== Task prompt ==
Return, in their exact form, the lines that lie between the start of the data below and the line containing "Partido da Imprensa", with both ends included.

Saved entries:
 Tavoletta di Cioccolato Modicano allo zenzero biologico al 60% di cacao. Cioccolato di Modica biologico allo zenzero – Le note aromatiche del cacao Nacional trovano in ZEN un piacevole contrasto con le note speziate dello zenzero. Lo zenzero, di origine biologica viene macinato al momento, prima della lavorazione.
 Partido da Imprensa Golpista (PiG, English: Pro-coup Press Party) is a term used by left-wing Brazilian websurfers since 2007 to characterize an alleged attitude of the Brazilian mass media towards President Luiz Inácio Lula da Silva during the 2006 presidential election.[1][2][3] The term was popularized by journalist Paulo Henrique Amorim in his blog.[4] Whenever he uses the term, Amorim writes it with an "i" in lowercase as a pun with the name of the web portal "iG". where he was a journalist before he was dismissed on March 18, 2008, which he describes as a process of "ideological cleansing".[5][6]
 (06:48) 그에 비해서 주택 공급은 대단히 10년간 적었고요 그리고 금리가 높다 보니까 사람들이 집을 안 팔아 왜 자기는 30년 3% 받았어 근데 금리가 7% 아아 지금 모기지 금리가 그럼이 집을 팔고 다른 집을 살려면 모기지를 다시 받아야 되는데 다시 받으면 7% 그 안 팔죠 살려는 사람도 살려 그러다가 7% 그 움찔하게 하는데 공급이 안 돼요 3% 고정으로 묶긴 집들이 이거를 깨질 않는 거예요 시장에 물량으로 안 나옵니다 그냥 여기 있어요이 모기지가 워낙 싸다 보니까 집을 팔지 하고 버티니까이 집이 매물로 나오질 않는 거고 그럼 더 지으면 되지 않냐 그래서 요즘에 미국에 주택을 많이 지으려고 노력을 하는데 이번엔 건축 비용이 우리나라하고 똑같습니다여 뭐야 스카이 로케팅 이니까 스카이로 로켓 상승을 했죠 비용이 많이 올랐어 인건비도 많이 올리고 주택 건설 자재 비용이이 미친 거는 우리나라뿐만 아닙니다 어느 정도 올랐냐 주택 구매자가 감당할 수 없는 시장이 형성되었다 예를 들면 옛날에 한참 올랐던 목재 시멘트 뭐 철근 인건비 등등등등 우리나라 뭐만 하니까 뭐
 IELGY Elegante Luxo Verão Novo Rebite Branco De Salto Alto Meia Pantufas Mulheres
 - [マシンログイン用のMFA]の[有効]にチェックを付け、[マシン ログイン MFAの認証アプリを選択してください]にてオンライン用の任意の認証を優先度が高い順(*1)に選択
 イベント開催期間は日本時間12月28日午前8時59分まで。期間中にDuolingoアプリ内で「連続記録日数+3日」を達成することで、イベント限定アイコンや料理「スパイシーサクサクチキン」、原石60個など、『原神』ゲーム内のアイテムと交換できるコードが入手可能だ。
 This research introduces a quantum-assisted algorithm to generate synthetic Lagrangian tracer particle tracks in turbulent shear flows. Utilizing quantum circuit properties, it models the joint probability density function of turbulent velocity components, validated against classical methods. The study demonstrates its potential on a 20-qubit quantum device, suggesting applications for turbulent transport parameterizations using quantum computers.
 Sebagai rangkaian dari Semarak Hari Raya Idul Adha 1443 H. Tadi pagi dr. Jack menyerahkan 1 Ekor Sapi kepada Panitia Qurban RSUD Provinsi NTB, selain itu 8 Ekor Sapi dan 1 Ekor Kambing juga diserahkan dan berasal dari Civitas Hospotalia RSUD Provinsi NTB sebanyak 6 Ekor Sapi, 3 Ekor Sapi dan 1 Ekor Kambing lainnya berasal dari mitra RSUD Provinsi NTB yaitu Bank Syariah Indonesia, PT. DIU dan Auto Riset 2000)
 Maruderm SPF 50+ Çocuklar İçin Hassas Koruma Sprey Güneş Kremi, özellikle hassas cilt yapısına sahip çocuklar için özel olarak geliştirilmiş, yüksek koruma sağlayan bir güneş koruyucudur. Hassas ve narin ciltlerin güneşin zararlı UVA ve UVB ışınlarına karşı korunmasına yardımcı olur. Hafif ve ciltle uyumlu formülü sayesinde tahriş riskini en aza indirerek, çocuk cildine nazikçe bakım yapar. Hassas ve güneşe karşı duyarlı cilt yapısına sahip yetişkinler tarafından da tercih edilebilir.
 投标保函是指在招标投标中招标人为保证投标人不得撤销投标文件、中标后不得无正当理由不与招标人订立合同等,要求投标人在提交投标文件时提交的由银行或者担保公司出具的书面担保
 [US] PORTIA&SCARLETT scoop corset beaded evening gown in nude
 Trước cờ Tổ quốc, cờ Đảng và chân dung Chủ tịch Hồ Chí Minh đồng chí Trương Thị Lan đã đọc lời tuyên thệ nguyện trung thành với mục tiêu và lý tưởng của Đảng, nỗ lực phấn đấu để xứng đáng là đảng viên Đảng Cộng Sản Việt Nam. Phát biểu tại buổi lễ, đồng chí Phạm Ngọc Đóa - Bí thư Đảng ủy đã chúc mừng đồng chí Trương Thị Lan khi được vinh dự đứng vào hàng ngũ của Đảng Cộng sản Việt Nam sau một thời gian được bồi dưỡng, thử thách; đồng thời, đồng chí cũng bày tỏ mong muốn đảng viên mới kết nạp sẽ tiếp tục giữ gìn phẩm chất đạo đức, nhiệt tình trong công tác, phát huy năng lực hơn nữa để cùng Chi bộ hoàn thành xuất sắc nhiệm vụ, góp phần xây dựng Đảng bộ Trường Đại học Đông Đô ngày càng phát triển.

== Response for this exercise ==
 Tavoletta di Cioccolato Modicano allo zenzero biologico al 60% di cacao. Cioccolato di Modica biologico allo zenzero – Le note aromatiche del cacao Nacional trovano in ZEN un piacevole contrasto con le note speziate dello zenzero. Lo zenzero, di origine biologica viene macinato al momento, prima della lavorazione.
 Partido da Imprensa Golpista (PiG, English: Pro-coup Press Party) is a term used by left-wing Brazilian websurfers since 2007 to characterize an alleged attitude of the Brazilian mass media towards President Luiz Inácio Lula da Silva during the 2006 presidential election.[1][2][3] The term was popularized by journalist Paulo Henrique Amorim in his blog.[4] Whenever he uses the term, Amorim writes it with an "i" in lowercase as a pun with the name of the web portal "iG". where he was a journalist before he was dismissed on March 18, 2008, which he describes as a process of "ideological cleansing".[5][6]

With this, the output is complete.